Sowa: all is good
So great to hear from the group in Tanzania. Mrs Shifrin sent the note and pictures below. Enjoy.
Sowa: all is good
Jambo! Habari ya subhi? Poa. Hello! How are you? We are good. We returned from safari in the Serengeti last evening. All the big 5—the black rhino, including a baby, lions, leopards, elephant and cape buffalo—were spotted. Journeys of giraffes, prides of lions, herds of gazelles, zebras, and flocks of birds were in abundance. Because of global climate change, the Serengeti animals are migrating differently. Although the lack of rain , which is being called a drought by Tanzanians, was good for safari, it is not good for the Serengeti ecosystem or the many farmers who depend of the rain for crops to feed families.
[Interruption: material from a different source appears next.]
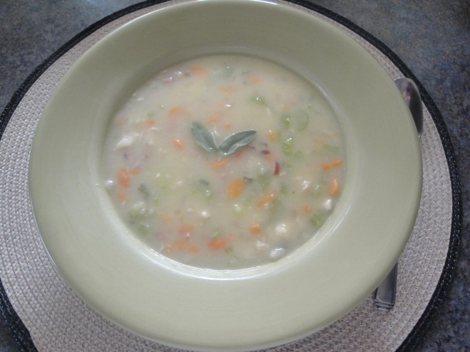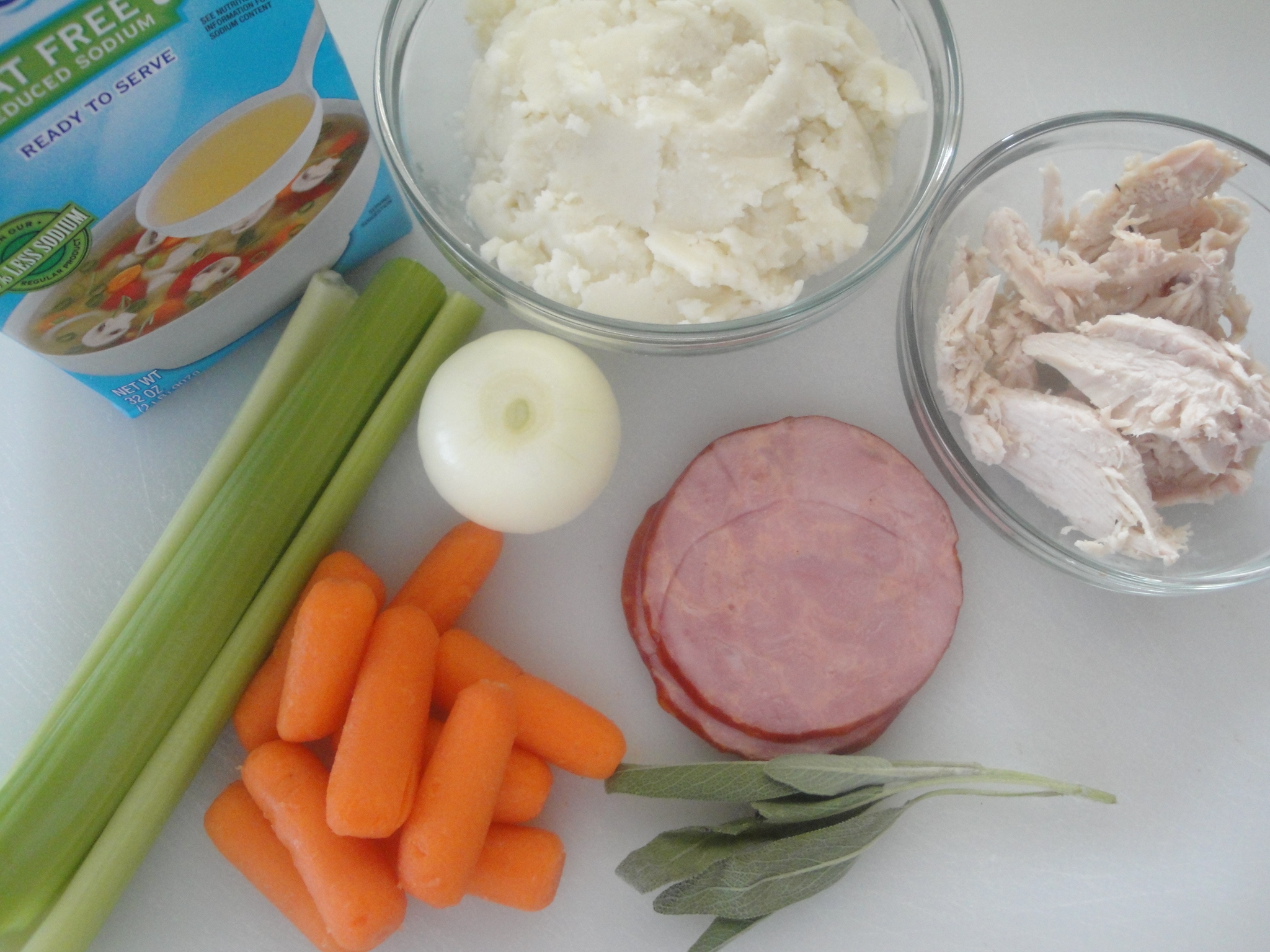 Thanksgiving leftovers used: turkey, mashed potatoes, celery, carrots, onions, broth, sage

Our safari guides and Tumaini hosts help us to understand water in an entirely new way. As soon as we ask questions, stories come forth, hopes become clear, anxieties are shared, and ideas are bounced back and forth. The challenge for both the Gould and the TJS students is to just start asking. Cultural exchanges challenge us to ask about what is unfamiliar—to push ourselves to find a question when the picture is not quite clear. Peter Southam taught a field note 101 class while on safari before we traveled to the hippo pool. The structure of field notes helped the students to organize what was in front of them and then start forming questions, and evening designing an experiment.
Today we will work at the school. The students will help to facilitate an empathy mapping activity to better understand the hopes for the secondary school which opens in January 2016.
All students are safe, learning a good deal, and learning how to meet the world with curiosity.